AWS Big Data Blog

Amazon SageMaker Catalog expands discoverability and governance for Amazon S3 general purpose buckets

In July 2025, Amazon SageMaker announced support for Amazon Simple Storage Service (Amazon S3) general purpose buckets and prefixes in Amazon SageMaker Catalog that delivers fine-grained access control and permissions through S3 Access Grants. This integration addresses the challenge data teams face when manually managing data discovery and Amazon S3 permissions as separate workflows. Data consumers, such as data scientists, engineers, and business analysts, can now discover and access S3 buckets or prefixes data assets through SageMaker Catalog, while administrators can maintain granular access controls using S3 Access Grants permissions.

Building upon existing SageMaker support for structured data in Amazon S3 Tables buckets, the added support for S3 general purpose buckets makes it straightforward for teams to find, access, and collaborate on different types of data, including unstructured data such as documents, images, audio, and video, while providing access management. Data administrators and data stewards can now implement fine-grained access permissions for a bucket or a prefix using S3 Access Grants, supporting secure and appropriate data usage across their organization.

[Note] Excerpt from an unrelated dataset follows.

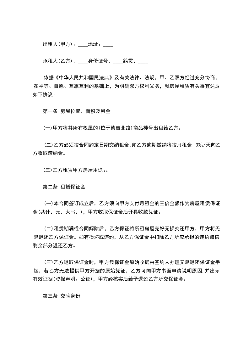 (一)甲方将其所有权属的(位于德吉北路)商品楼号出租给乙方。

In this post, we explore how this integration addresses key challenges our customers have shared with us, and how data producers, such as administrators and data engineers, can seamlessly share and govern S3 buckets and prefixes using S3 Access Grants, while making it readily discoverable for data consumers. We walk you through a practical example of bringing Amazon S3 data into your projects and implementing effective governance for both analytics and generative AI workflows.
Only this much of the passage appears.